For this reason, the key factor used by ORCID in determining which party must take responsibility for integration with ORCID’s services (and therefore whose member credentials must be used for interacting with the ORCID APIs) is the party that takes responsibility for the personal data transferred from the service to ORCID, or vice-versa, as part of the integration. 

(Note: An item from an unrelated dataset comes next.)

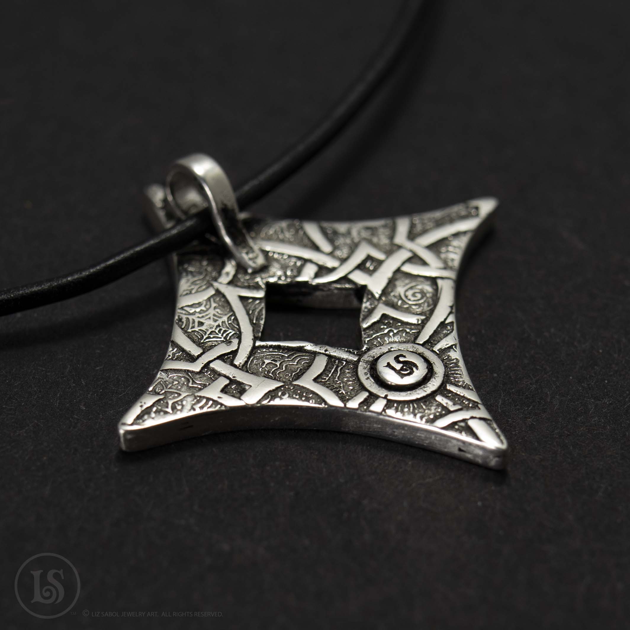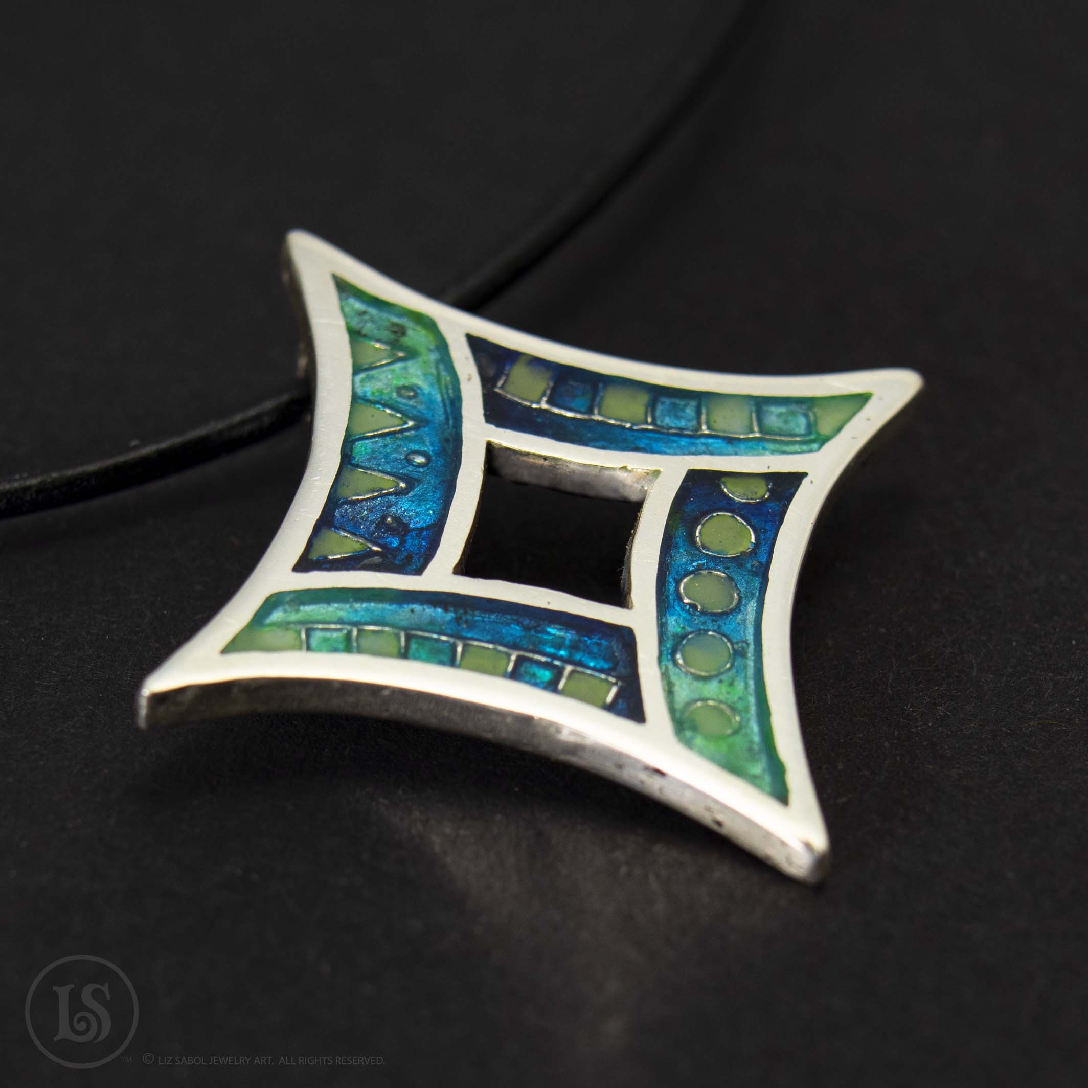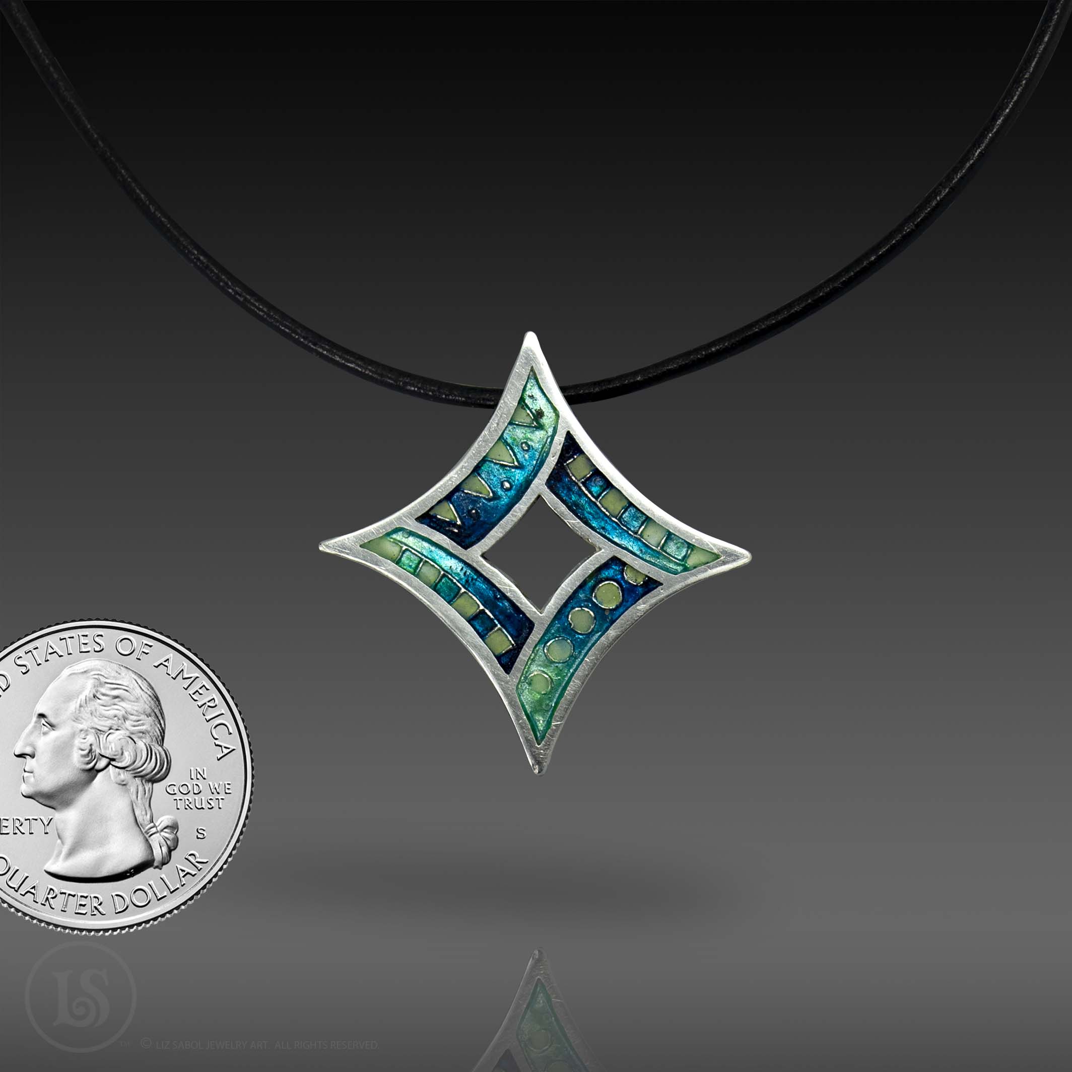Hand-painted 960 sterling silver. Hand-made, one-of-a-kind. Cold-enamel. Ink, resin, glow-in-the-dark accents. Bail fits delicate cords and chains. Cord/chain not included.

In GDPR terminology, this party is designated as the “Data Controller” — the party that determines the ‘how’ and ‘why’ in relation to the processing of personal data. Other privacy regulations around the world use similar terminology. 

Terminology

There is large variation in arrangements for the division of responsibilities between smaller publishers organizations and the publishers they partner with  and service providers they use for various aspects of the publishing process. Terminology varies across the industry, however in this policy, we use the following definitions:

  • An Outsourcing Publisher is a publisher that owns the publication, typically maintaining editorial control and owning intellectual property rights in the name and branding of the publication.
  • A Hosting Publisher is a service provider that hosts publications owned by Outsourcing Publishers on its platforms, often alongside its own publications.
  • A Publishing Service Provider is a service provider that provides services to publishers that interact with researchers in their roles as authors, reviewers, editors and or consumers of content. Examples of such services include manuscript submission and tracking systems and content hosting platforms.

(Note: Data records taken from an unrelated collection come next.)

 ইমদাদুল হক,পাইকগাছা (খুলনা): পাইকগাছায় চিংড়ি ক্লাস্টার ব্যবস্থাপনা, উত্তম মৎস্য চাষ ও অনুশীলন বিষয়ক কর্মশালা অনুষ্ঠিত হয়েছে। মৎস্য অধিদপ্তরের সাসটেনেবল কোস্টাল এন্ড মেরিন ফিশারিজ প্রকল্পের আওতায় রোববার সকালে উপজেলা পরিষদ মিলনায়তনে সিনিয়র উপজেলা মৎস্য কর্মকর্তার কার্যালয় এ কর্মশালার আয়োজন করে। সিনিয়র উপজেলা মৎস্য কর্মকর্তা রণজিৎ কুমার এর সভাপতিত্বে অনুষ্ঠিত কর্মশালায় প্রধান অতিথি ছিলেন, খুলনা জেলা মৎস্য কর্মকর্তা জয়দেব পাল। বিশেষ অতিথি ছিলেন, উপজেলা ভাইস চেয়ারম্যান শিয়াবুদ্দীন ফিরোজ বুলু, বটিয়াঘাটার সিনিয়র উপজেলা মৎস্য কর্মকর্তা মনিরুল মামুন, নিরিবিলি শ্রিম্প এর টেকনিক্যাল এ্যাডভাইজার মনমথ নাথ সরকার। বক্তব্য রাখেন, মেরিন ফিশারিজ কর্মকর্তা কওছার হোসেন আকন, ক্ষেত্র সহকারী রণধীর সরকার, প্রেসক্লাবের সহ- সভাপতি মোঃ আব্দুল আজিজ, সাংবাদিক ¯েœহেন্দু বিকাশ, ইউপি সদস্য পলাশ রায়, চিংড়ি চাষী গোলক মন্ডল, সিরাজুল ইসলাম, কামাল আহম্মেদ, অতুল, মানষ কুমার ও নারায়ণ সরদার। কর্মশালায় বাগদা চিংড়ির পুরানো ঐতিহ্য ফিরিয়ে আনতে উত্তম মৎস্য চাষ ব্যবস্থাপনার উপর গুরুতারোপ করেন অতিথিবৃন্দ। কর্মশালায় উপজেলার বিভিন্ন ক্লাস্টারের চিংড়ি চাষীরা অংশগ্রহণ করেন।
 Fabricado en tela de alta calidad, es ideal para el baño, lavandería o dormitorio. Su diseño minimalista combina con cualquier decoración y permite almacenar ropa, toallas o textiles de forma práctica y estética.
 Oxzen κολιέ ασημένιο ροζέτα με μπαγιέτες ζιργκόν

In some cases, the same organization may act as both Hosting Publisher and Publishing Service Provider for a given Outsourcing Publisher.  

Note that we make no distinctions based on the form, format or business model of the publications that fall under these definitions. Traditional peer reviewed journals (whether open access or pay-to-read), books, pre-prints, etc. will all be evaluated under the same criteria. 

Policy

All integrations with ORCID involve some transfer of personal data between the ORCID system and the integrating party’s system. At the very minimum, ORCID IDs are exchanged, which themselves meet the definition of personal data under GDPR and other privacy regulations. Often, subject to privacy settings chosen by the user themselves, names, email addresses, affiliations and other additional items of personal data may be transferred. 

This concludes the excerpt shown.